Since GraphRAG (Edge et al., 2024), research has evolved along two complementary directions. First, graph construction approaches optimize structures for retrieval efficiency, ranging from LightRAG’s (Guo et al., 2024) sparsified indices to neural models like GNN-RAG (Mavromatis & Karypis, 2024) and memory-augmented variants like HippoRAG (Jimenez Gutierrez et al., 2024). Second, knowledge aggregation approaches integrate information for multi-level reasoning through hierarchical methods like RAPTOR (Sarthi et al., 2024) and ArchRAG (Wang et al., 2025). Despite these advances, existing systems remain text-centric with homogeneous inputs. This limits their applicability to multimodal documents and constrains robust reasoning over heterogeneous content. RAG-Anything addresses this gap by extending GraphRAG to all modalities.
Multimodal Retrieval-Augmented Generation. Multimodal RAG represents a natural evolution from text-based RAG systems, addressing the need to integrate external knowledge from diverse data modalities for comprehensive response generation (Abootorabi et al., 2025). However, current approaches are fundamentally constrained by their reliance on modality-specific architectures. Existing methods demonstrate these constraints across domains: VideoRAG (Ren et al., 2025) employs dual-channel architectures for video understanding while MM-VID (Lin et al., 2023) converts videos to text, losing visual information; VisRAG (Yu et al., 2025) preserves document layouts as images but misses granular relationships; MMGraphRAG (Wan & Yu, 2025) links scene graphs with textual representations but suffers from structural blindness—treating tables and formulas as plain text without proper entity extraction, losing structural information for reasoning.
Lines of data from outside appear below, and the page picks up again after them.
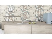 Efektní, netradiční spojení keramické mozaiky s přírodním dřevem. Dřevo v odstínech šedé, mozaika odstíny tyrkysové, šedé a pololesklé hnědo-bronzové.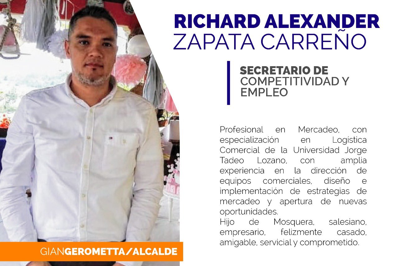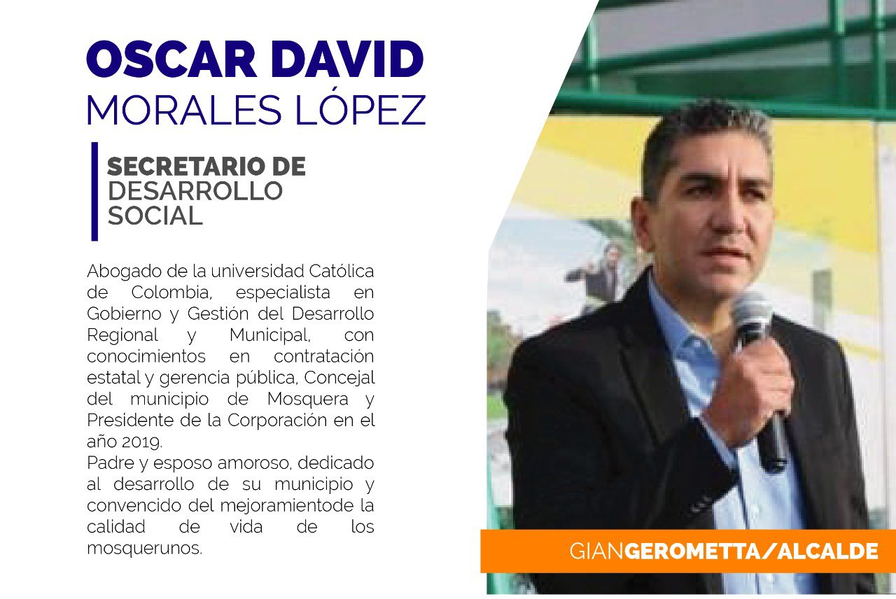 Gian carlo Gerometta Alcalde Electo de Mosquera publica algunos nombres que harán parte de su gabinete por mutantes tv · Publicada 19 diciembre, 2019 · Actualizado 19 diciembre, 2019 Share Post Whatsapp Share Post Whatsapp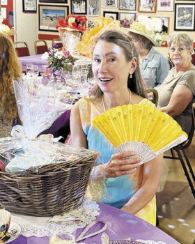 ← Terry Simon, Caring Hearts and Hands member, wins best hat.

The fundamental problem underlying these limitations is architectural fragmentation. Current systems require specialized processing pipelines for each modality. This creates poor generalizability as new modalities demand custom architectures and fusion mechanisms. Such fragmentation introduces cross-modal alignment difficulties, modality biases, and information bottlenecks. These issues systematically compromise system performance and scalability. RAG-Anything addresses this fragmentation through a unified graph-based framework. Our approach processes all modalities with consistent structured modeling. This eliminates architectural constraints while preserving multimodal information integrity. The result is seamless cross-modal reasoning across heterogeneous content.
5 Conclusion
RAG-Anything introduces a paradigm shift in multimodal retrieval through its unified graph-based framework. Our core technical innovation is the dual-graph construction strategy that seamlessly integrates cross-modal and text-based knowledge graphs. Rather than forcing diverse modalities into text-centric pipelines that lose critical structural information, our approach fundamentally reconceptualizes multimodal content as interconnected knowledge entities with rich semantic relationships. The hybrid retrieval mechanism strategically combines structural navigation with semantic matching, enabling precise reasoning over complex document layouts. Comprehensive evaluation demonstrates superior performance on long-context documents, particularly those exceeding 100 pages where traditional methods fail. This work establishes a new foundation for multimodal RAG systems that can handle the heterogeneous nature of diverse information landscapes.
Our analysis in Appendix A.5 reveals critical challenges facing current multimodal RAG systems. Two fundamental issues emerge through systematic failure case examination. First, systems exhibit text-centric retrieval bias, preferentially accessing textual sources even when queries explicitly require visual information. Second, rigid spatial processing patterns fail to adapt to non-standard document layouts. These limitations manifest in cross-modal misalignment scenarios and structurally ambiguous tables. The findings highlight the need for adaptive spatial reasoning and layout-aware parsing mechanisms to handle real-world multimodal document complexity.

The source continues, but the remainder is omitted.